LS-GRAM developed grammatical resources for nine European languages: Danish, Dutch, English, French, German, Greek, Italian, Portuguese, and Spanish on the basis of the Advanced Language Engineering Platform (ALEP). Grammar development was based on corpus investigations in order to determine a realistic coverage of grammars.The LS-GRAM project addressed the need for high-quality, large-scale grammatical resources as a basis for advanced NLP-technology.

The general goal of LS-GRAM was to narrow down the gap between the scientific concept of unification grammar and real industrial applications. LS-GRAM thus was an exercise in large-scale grammar engineering, accommodating methodological requirements as well as building the prototype of a `realistic'system where `realistic' is defined by a set of requirements regarding efficiency, completeness of modules and coverage of grammars.

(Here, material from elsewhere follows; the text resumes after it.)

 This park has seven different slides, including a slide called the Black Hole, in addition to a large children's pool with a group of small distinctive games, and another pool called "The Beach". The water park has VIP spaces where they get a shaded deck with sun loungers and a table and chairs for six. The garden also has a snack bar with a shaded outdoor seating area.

Results that were achieved in the Project are: There are lingware modules for nine EU-languages, the majority of them including a text handling component covering a broad range of phenomena. There are two-level morphology and word structure components for most languages (covering phenomena related to inflectional morphology), as well as syntactic components and components of semantic interpretation for nine languages, implemented on the same platform according to the same principles, and thus standardized to a great extent. All modules cover core linguistic phenomena; some of them come quite close to test corpus coverage. All this comes with a huge body of test suites and very detailed documentation.Within the project, also some tools and devices related to the project were developed or improved. Tools were integrated with ALEP, paths defined for reuse of other resources (e.g. lexical resources), and small-scale demonstrators developed.

Some examples:

CELEX to ALEP compiler: This is a tool that converts lexical resources for Dutch from CELEX to ALEP macros.

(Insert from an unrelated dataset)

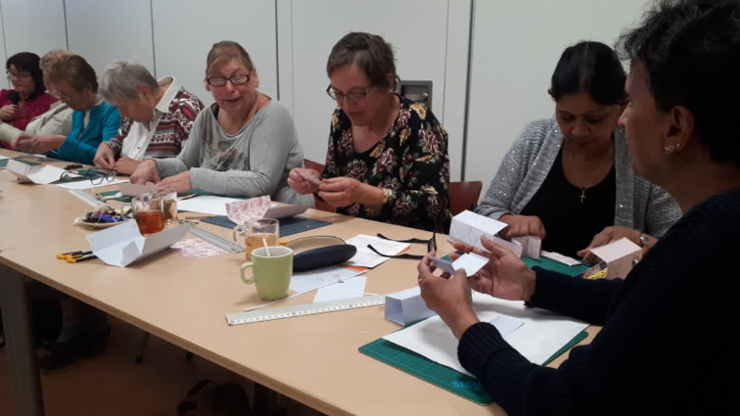 Voor de mantelzorgers was vanochtend de creatieve workshop cadeaudoosjes vouwen in cultureel centrum Sterrenburg. In het doosje komt uiteindelijk een klein cadeautje, wat mee naar huis genomen kan worden.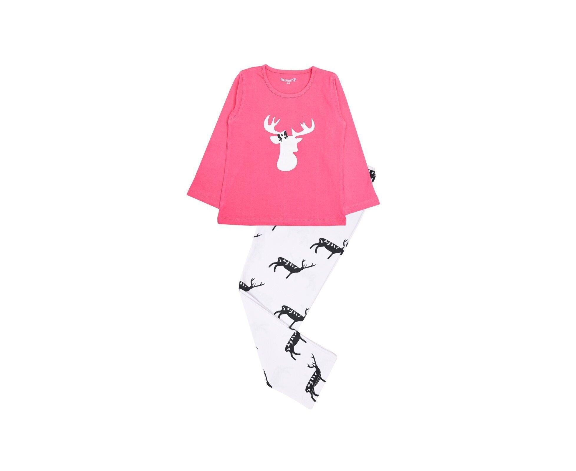 Pink & White Full Sleeves Reindeer Printed Nightwear Suit for Girls | Nightdress Summer Full Sleeve suit Combo Set | Exclusive range

Railway Messages Information Extraction Tool: This is a tagger written in Perl which converts Dutch Railway Teletext into a format processable by ProFIT. The semantic output is presented in a table.

GramCheck: This is a grammar checker based on the ALEP software. It is developed for Spanish using Spanish LS-GRAM grammatical resources.

Interactive tagger: This is a tagger integrated into the ALEP system. It allows for intervention by the user after text handling. (Classification of expressions as proper names e.g.).

MPRO: This is a tagger (not statistics-based) and a search tool for syntactic structures in German texts. It also has basic German-English MT functionalities: Bilingual glossary and MT based on shallow syntactic analysis.


January 1994 - July 1996